If you really get the urge to try making mayonnaise for yourself, here's the recipe we used, which makes about 1 pint; if you need more, increase the egg yolks to 3 and the oil to 24 ounces and then double the rest of the ingredients.

Ingredients

2 Egg yolks, pasteurized

1/2 fl oz Water

1/2 fl oz White wine vinegar

1 tsp Dry mustard

12 fl oz Vegetable oil, olive oil, or mild peanut oil

Salt as needed

Pepper as needed

1/2 fl oz Lemon juice, as needed

Procedure

1. Combine the yolks, water, vinegar, and mustard in a bowl. Mix well with a balloon whip until mixture is slightly foamy.

2. Gradually add the oil in a thin stream , constantly beating with the whip, until the oil is incorporated and the oil is thick. (If your arm feels like it's falling off, then you're doing it right. When your arm falls off, it should be done)

3. Adjust the flavor with salt, pepper, and lemon juice to taste

4. Refrigerate the mayonnaise immediately

After we mayoed ourselves out, we made vinaigrettes, which are a more temporary emsulsification.
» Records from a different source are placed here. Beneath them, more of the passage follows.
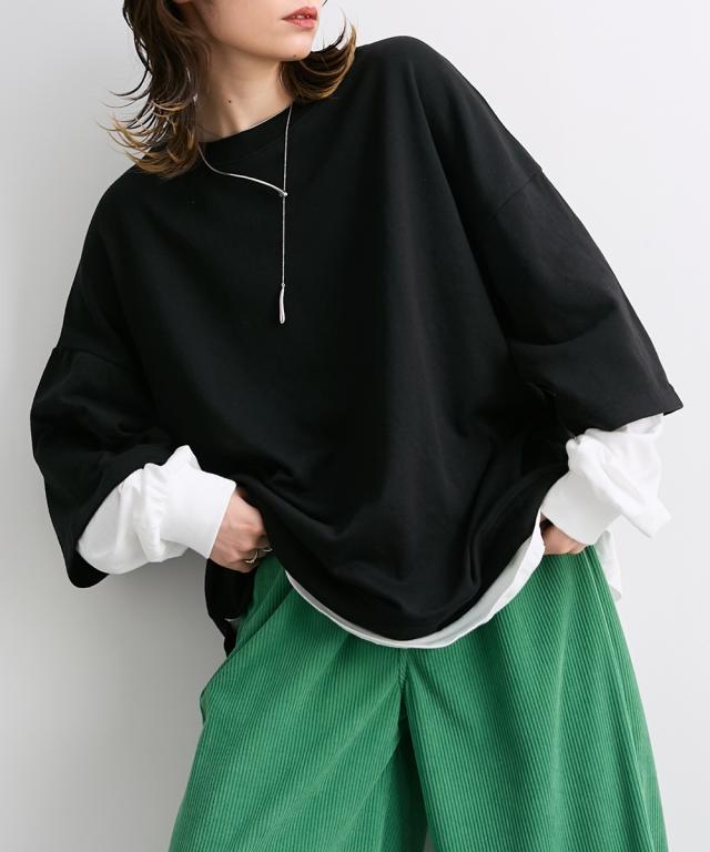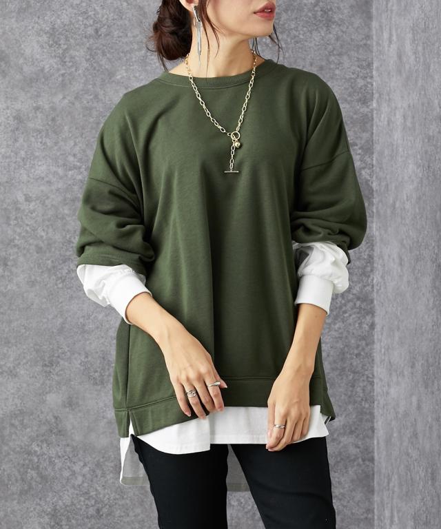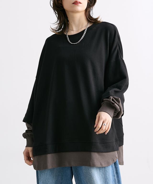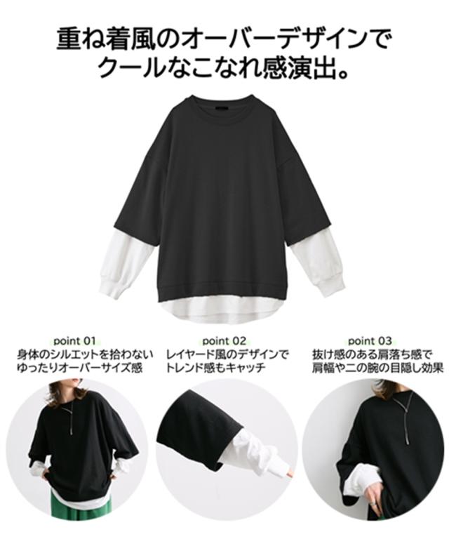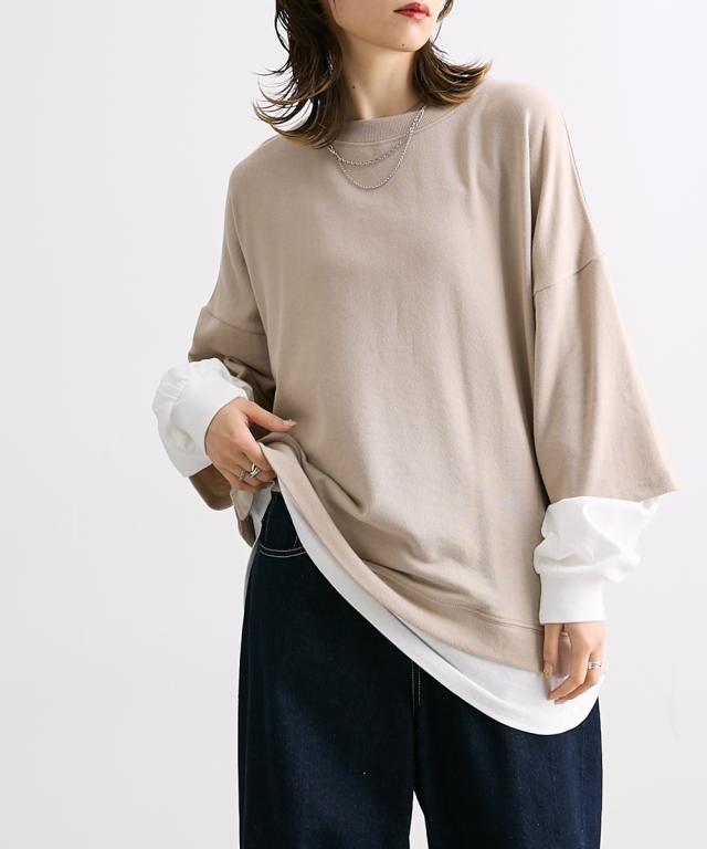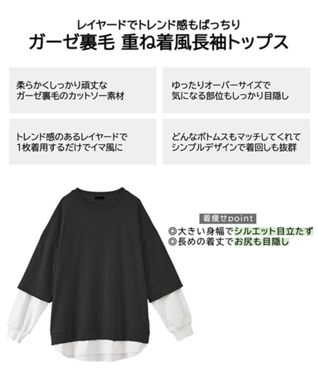 ガーゼ裏毛の重ね着風長袖トップス!シンプルな無地デザインながらも、トレンド感のある重ね着風で1枚着用していてもしっかりこなれ感。柔らかく触り心地のいいガーゼ裏毛素材が、ごわつき無くストレスフリーな着用感を発揮してくれます。どんなボトムスもしっかりマッチしてくれて、クールな印象にもカジュアルな印象にも仕上げてくれる万能アイテム!
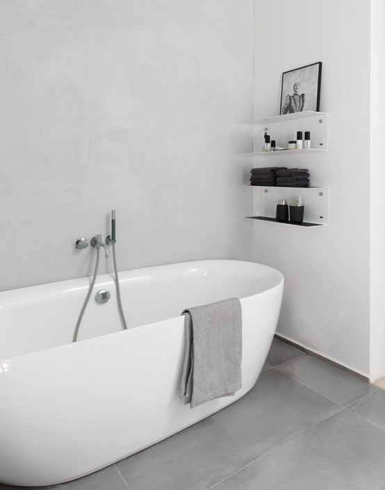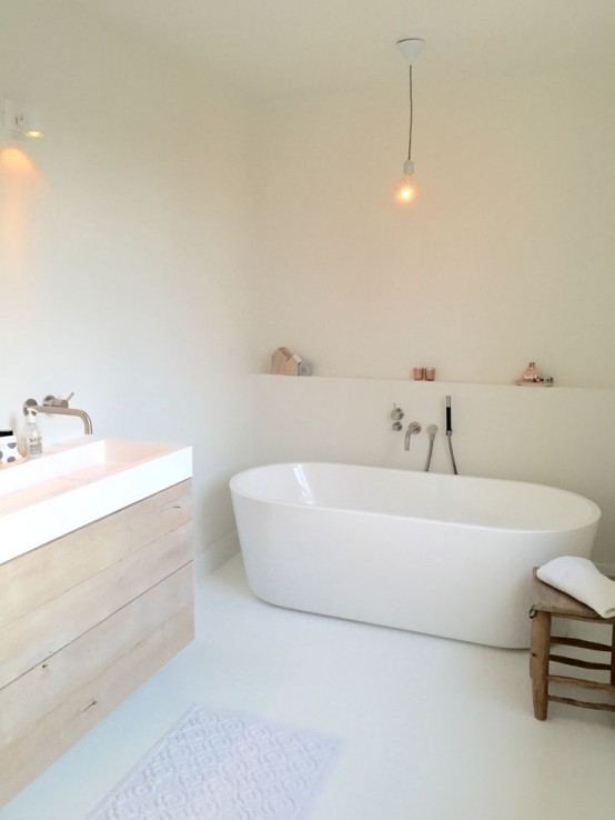 หากคุณชื่นชอบบรรยากาศที่เรียบง่ายสไตล์มินิมอลล่ะก็ การตกแต่งห้องน้ำในสไตล์นี้ก็นับว่าเป็นทางเลือกที่ไม่เลว ลองมาชมภาพสวย ๆ กันดูต่อได้เลย ไม่แน่ว่าอาจจะไอเดียที่ถูกใจคุณอยู่ก็เป็นได้นะ ^_^
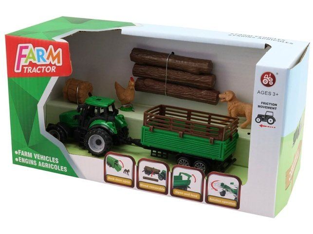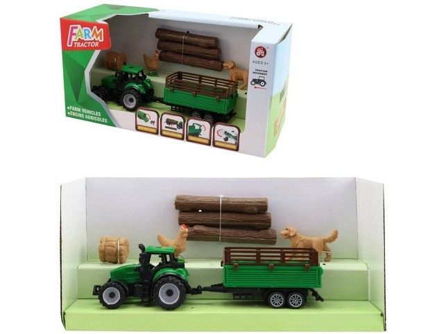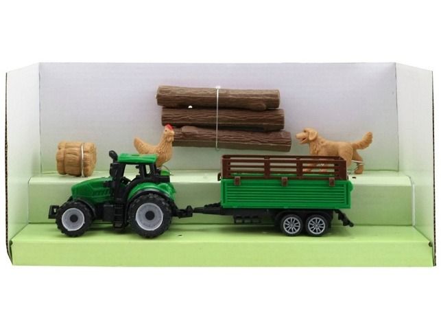 Traktor s vlečkou a příslušenstvím, 18 x 3,5 x 4 cm

You still have to beat your arm senseless, but not as long as with mayo.

Chef said that you get better results if you use a balloon whisk, with the larger head and more space between the wires,as opposed to a French whisk, which is tighter and narrower. He said that the more air you can beat into the mayonnaise, the more successful you will be. But, the easiest and most successful way is to use a food processor! Julia Child might call that cheating, but I call it an arm saver. I yam, what I yam!

1 comment:

Anonymous said...

You mean to tell me that someone other than Mr. Hellman actually MAKES mayo?? Crazy, just crazy! Next you will tell me that Mrs. Heinz is not the only Ketchup producer. What is this world coming to?